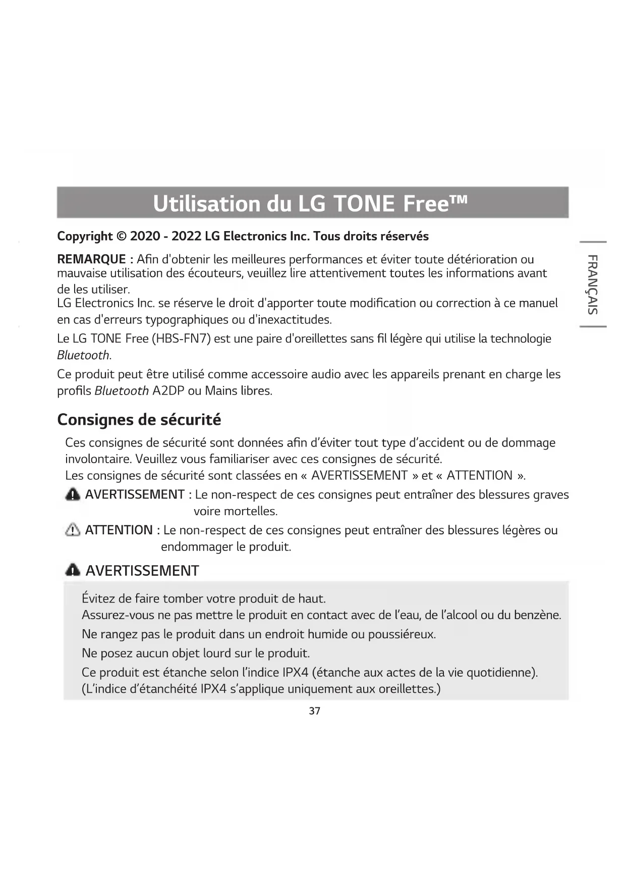 Copyright © 2020 - 2022 LG Electronics Inc. Tous droits réservés REMARQUE: An d'obtenir les meilleures performances et éviter toute détérioration ou mauvaise utilisation des écouteurs, veuillez lire attentivement toutes les informations avant de les utiliser. LG Electronics Inc. se réserve le droit d'apporter toute modication ou correction à ce manuel en cas d'erreurs typographiques ou d'inexactitudes. Le LGTONEFree (HBS-FN7) est une paire d'oreillettes sans l légère qui utilise la technologie Bluetooth. Ce produit peut être utilisé comme accessoire audio avec les appareils prenant en charge les prols Bluetooth A2DP ou Mains libres. Consignes de sécurité Ces consignes de sécurité sont données an d’éviter tout type d’accident ou de dommage involontaire. Veuillez vous familiariser avec ces consignes de sécurité. Les consignes de sécurité sont classées en «AVERTISSEMENT» et «ATTENTION».
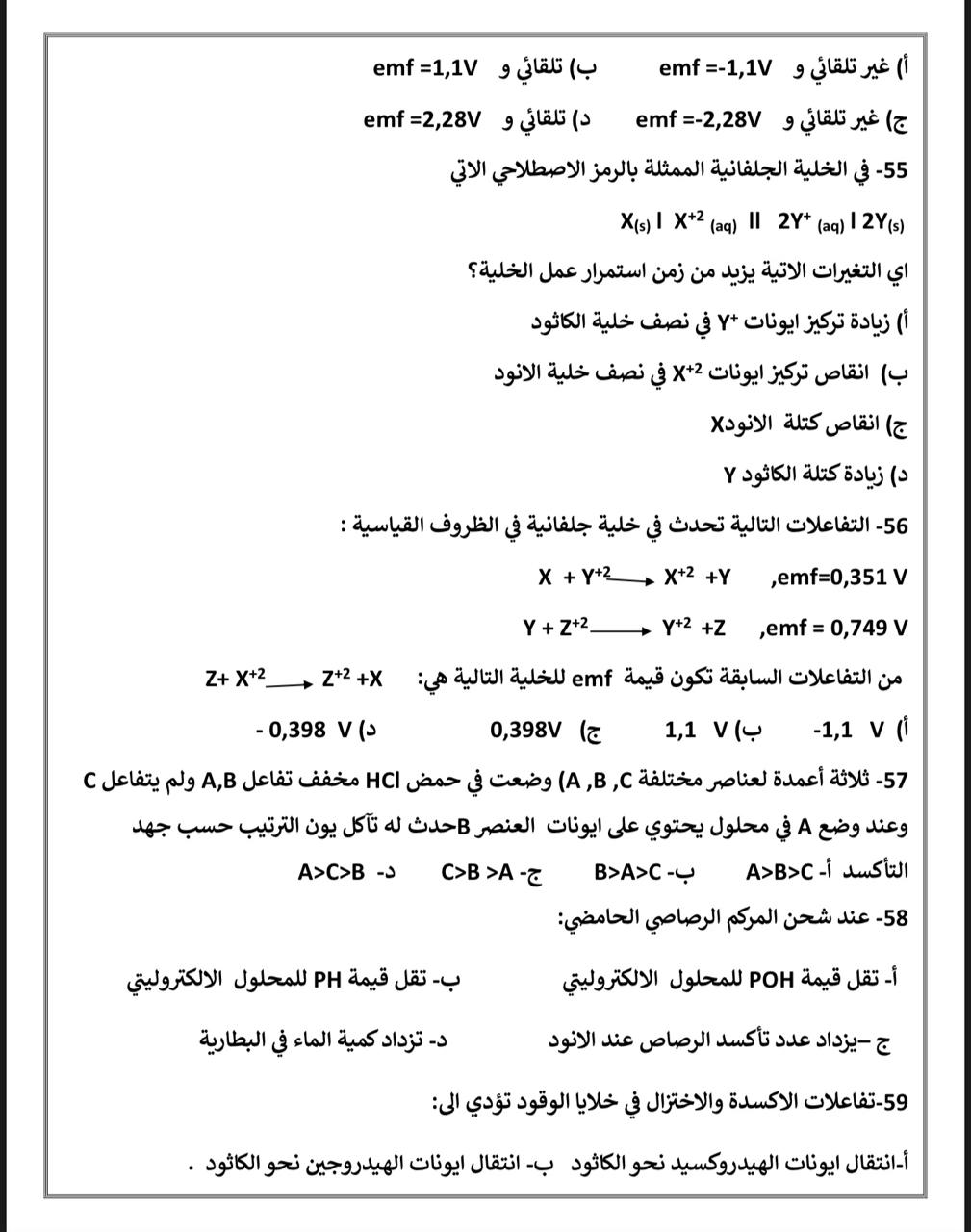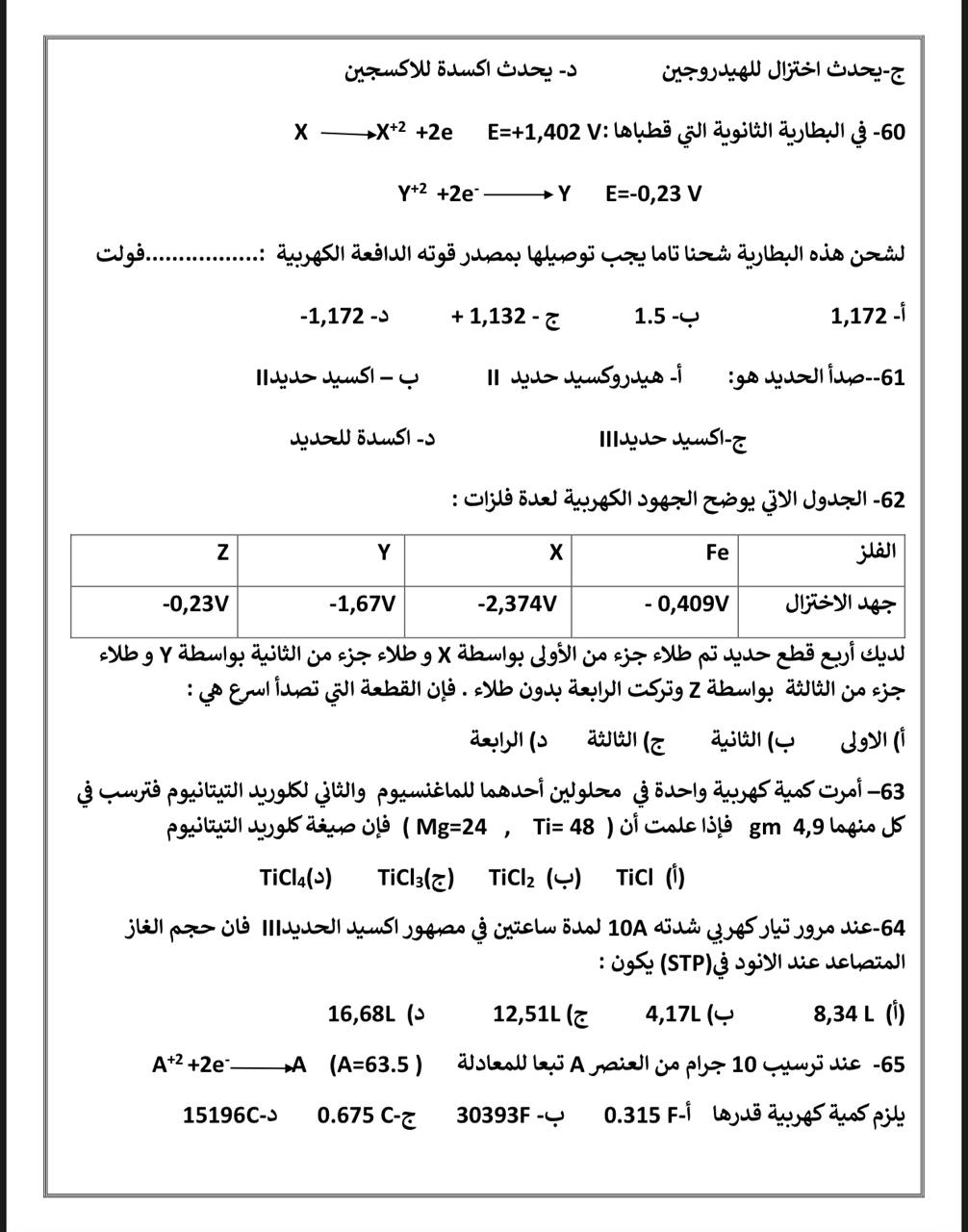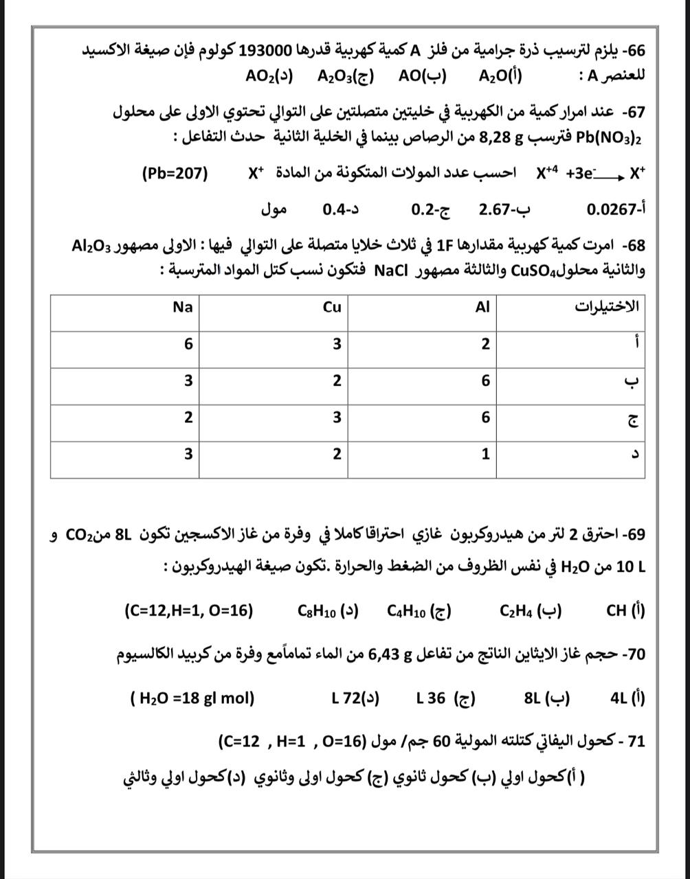 الامتحانات الاسترشادية السابقة في مادة الكيمياء
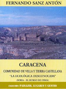En ciento sesenta páginas, con fotos en color, gracias al reciente proyecto de la Diputación Provincial de Soria, Fernando Sanz se ocupa de Caracena, hermosa villa medieval soriana. Sanz Antón, reside desde hace más de cuarenta años en Santa Cruz de Tenerife, donde ejerce su profesorado. Nació en Carrascosa de Abajo y se formó en Madrid. El autor hace hincapié en la historia de la Alta Edad Media de la villa. Describe monumentos y repasa la historia de Carrascosa de Abajo, Ines y Valderromán, así como los despoblados de Aldehuela, Pozuelo, Santa María de Tiermes, San Juan de Adanta, Santa María del Val y Valdegutiérrez. Con todo, la parte más interesante nos parece el capítulo “Caracena, comunidad ecológica”, donde se dan a conocer las encinas milenarias de Valderromán y se proponen varias rutas. Lamentamos no encontrar bibliografía, por si alguien estuviera interesado en ampliar algunos aspectos de este estudio.
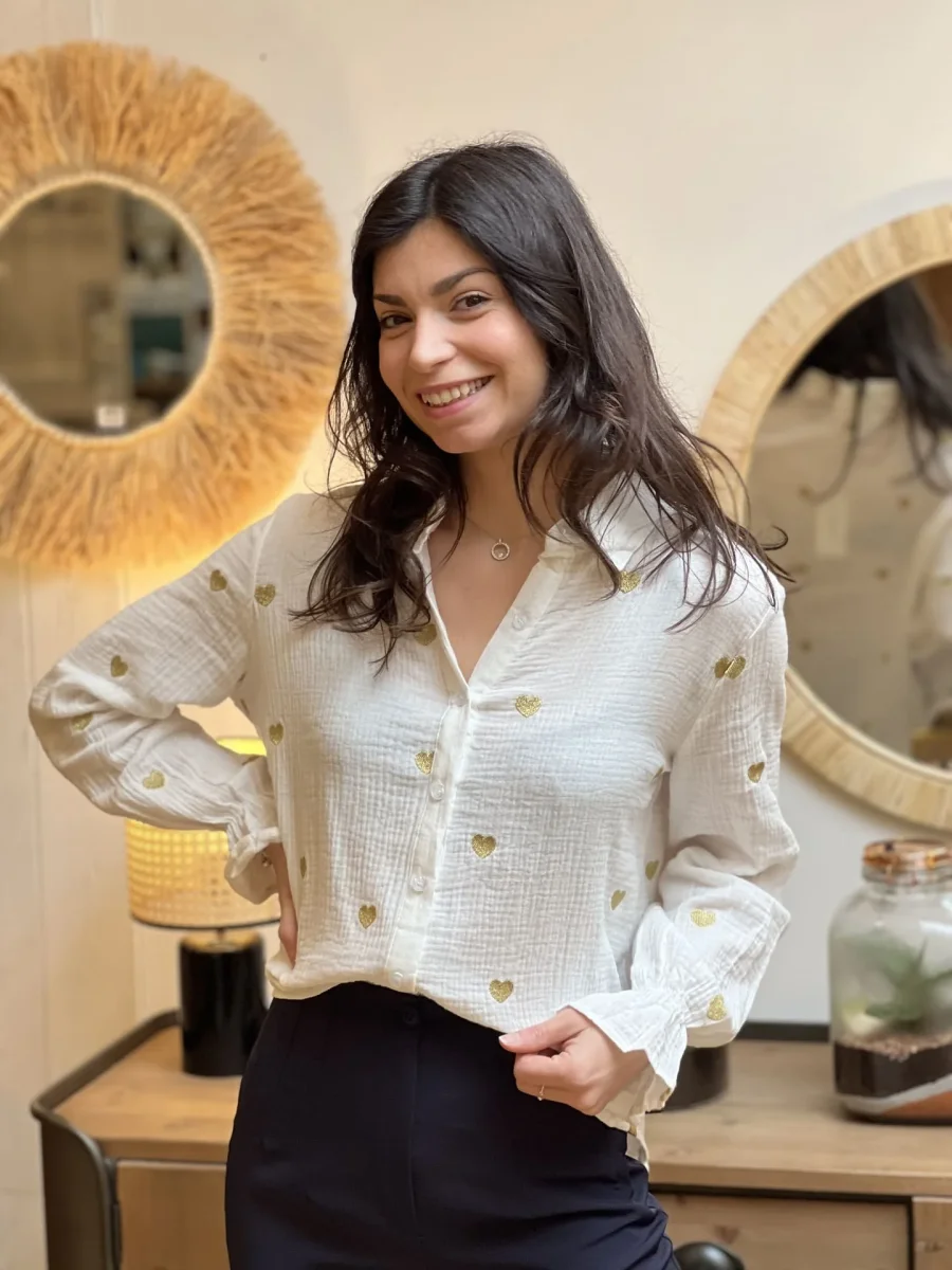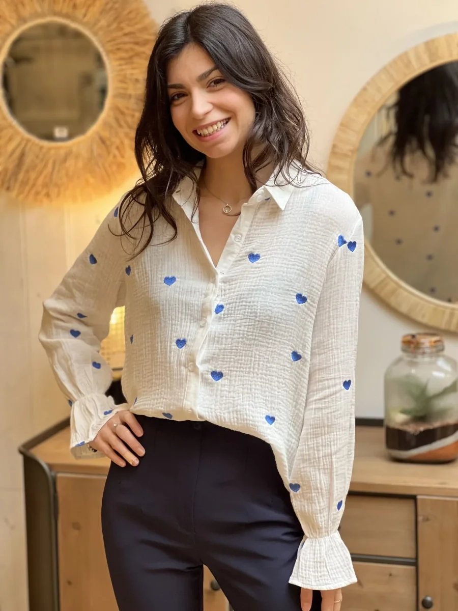 - chemise en gaz de coton à ml imprimé cœur v
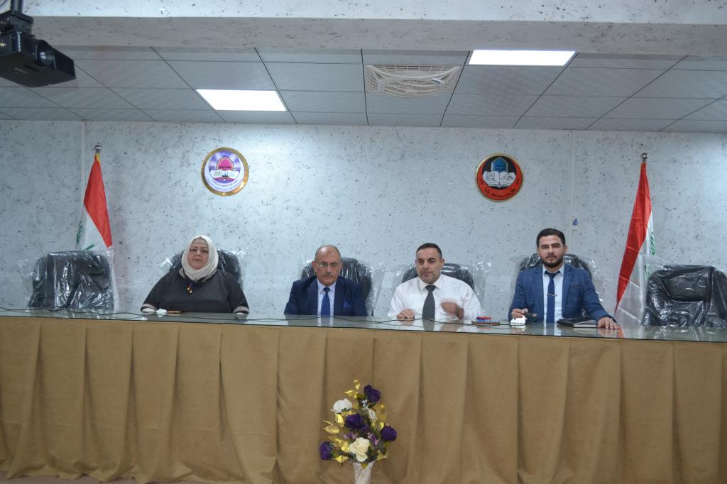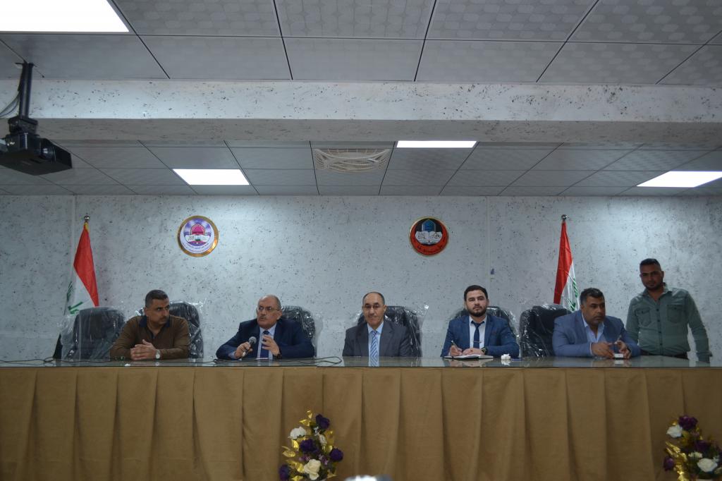 مع بدء العام الدراسي الجديد و بحضور السيد وكيل عميد الكلية الاستاذ المساعد الدكتور احمد محمد جمعة والسادة روؤساء الاقسام العلمية والسيد مدير التسجيل والسيد مدير شعبة الاعلام والعلاقات العامة تم عقد اجتماع موسع بطلبة المستوى الاول في كليتنا وقد تضمن الاجتماع عدة محاور الاول التاكيد على ضرورة الالتزام بالتعليمات الرسمية الخاصة بحضور الطلبة ومحافظتهم على الاملاك العامة وضرورة التعاون مع الكادر التدريسي والمحور الثاني حول نظام المقررات الدراسية والنقلة النوعية التي سيحدثها هذا النظام بعد ما تم تطبيقه والمحور الثالث تم فيه الاجابة على جميع استفسارات الطلبة من قبل السادة الحضور.
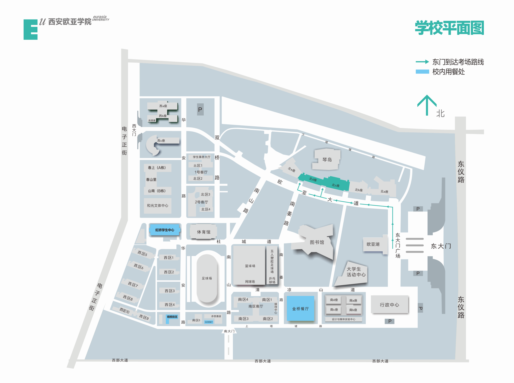 beat365手机版官网考点位于陕西省西安市雁塔区东仪路8号,请各位考生从beat365东门进入,考场位于教学北区C、D座教学楼。因进入考试封闭区和考场时需要接受智能安检、存放物品以及身份验证,请考生至少提前1小时到达考点,留足入场检查时间,以免影响考试。考试楼宇位置及进校路线见下图

*WORK TO BE COMPLETED:*
Write out exactly the lines above, from the very first through the line containing "الامتحانات الاسترشادية السابقة", both kept, with the pictures removed.

*EXERCISE OUTPUT:*
 Copyright © 2020 - 2022 LG Electronics Inc. Tous droits réservés REMARQUE: An d'obtenir les meilleures performances et éviter toute détérioration ou mauvaise utilisation des écouteurs, veuillez lire attentivement toutes les informations avant de les utiliser. LG Electronics Inc. se réserve le droit d'apporter toute modication ou correction à ce manuel en cas d'erreurs typographiques ou d'inexactitudes. Le LGTONEFree (HBS-FN7) est une paire d'oreillettes sans l légère qui utilise la technologie Bluetooth. Ce produit peut être utilisé comme accessoire audio avec les appareils prenant en charge les prols Bluetooth A2DP ou Mains libres. Consignes de sécurité Ces consignes de sécurité sont données an d’éviter tout type d’accident ou de dommage involontaire. Veuillez vous familiariser avec ces consignes de sécurité. Les consignes de sécurité sont classées en «AVERTISSEMENT» et «ATTENTION».
 الامتحانات الاسترشادية السابقة في مادة الكيمياء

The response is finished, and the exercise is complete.